Some birds are not meant to be caged, their feathers are just too bright.

Delve deeper into AWK

During my work as a deep learning researcher, too often I encounter various file processing with sophisticated requirements.

awk is often the shell script I turn to, but it is too complicated to be well grasped in a short time. Thus, I decide to record some error-prone awk usages here.

  • Anyway, awk works as:
awk -F 'xxx' 'BEGIN {print "xxx"} {print "xxx"} END {print "xxx"}' input_file
  • awk for extracting particular file lines containing key words. Note that the key words should be surrounded by /.
awk '/key_words/{print xxx }' input_file
  • Tricks of the trade of the combination of FNR and NR. Similarily, both FNR and NR record the line number AWK currently reads in. But differently, FNR is loyal to the line number being processing in the current file, when a new file arrives, FNR resets itself and begins with 1 again, while NR directly ignores this. One useful application is to stitch or split two files. One obvisous example goes as:
name 12345             12345 salary         name 12345 salary

From left to right, we have two original files and we want to create the third file as shown in the rightmost, which is the combination of the first two files. To achieve this, FNR and NR come to help:

awk -F ' ' 'NR==FNR{a[$2]=$0; next}{print a[$1]" "$2}' file1 file2

where NR==FNR decides whether the file1 is being processed. While file1 is being processed, array $a$ is constructed with $2 of file1 being the array indices and $0 being the array value. When the condition NR==FNR violates, that is, file2 is being processed, {print a[$1]" "$2} is executed, which outputs the expected file.
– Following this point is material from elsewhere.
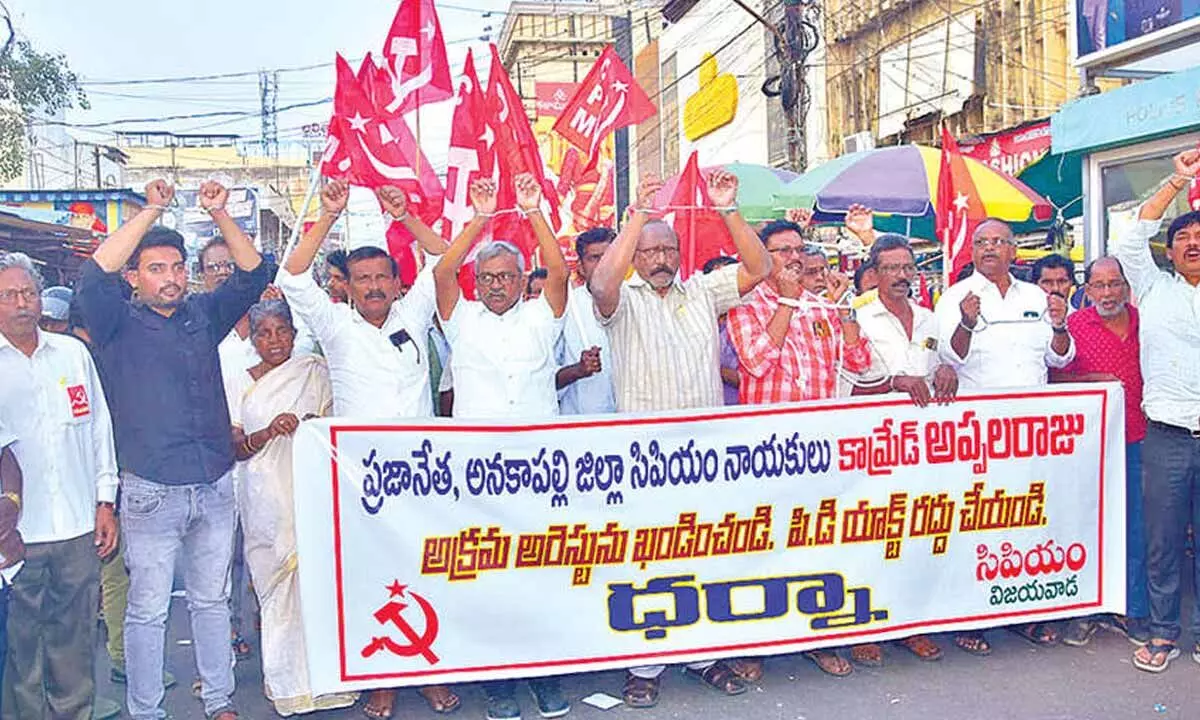 Vijayawada: The Communist Party of India (Marxist) has strongly demanded immediate withdrawal of the PD Act imposed on noted public movement activist, farmers’ leader and CPM Anakapalli district secretariat member Appalaraju, and his unconditional release. Condemning what it described as the authoritarian attitude of the ruling coalition government, CPM leaders said that suppressing public movements through illegal cases and arrests is a blatant attack on democracy.

  • Combing awk and eval to dispatch datasets. For example, we have an image list file img_list.txt containing large amounts of image lists. We also created a large number of empty files ranging from 1, 2, …, n. Our goal is to dispatch these images (every 10,000 images) to different files. The relevant shell script can be written as
awk 'BEGIN{cnt=0}{if((NR-1)%10000==0){cnt+=1}{print "cp",$1,cnt}}' img_list.txt
| while read line;do eval $line ;done
  • Prepending line number for a file.
awk '$0 = NR" "$0' file
  • Finding the lines existing in two files simultaneously
awk 'NFR==NR {a[$0];next} $0 in a' file1 file2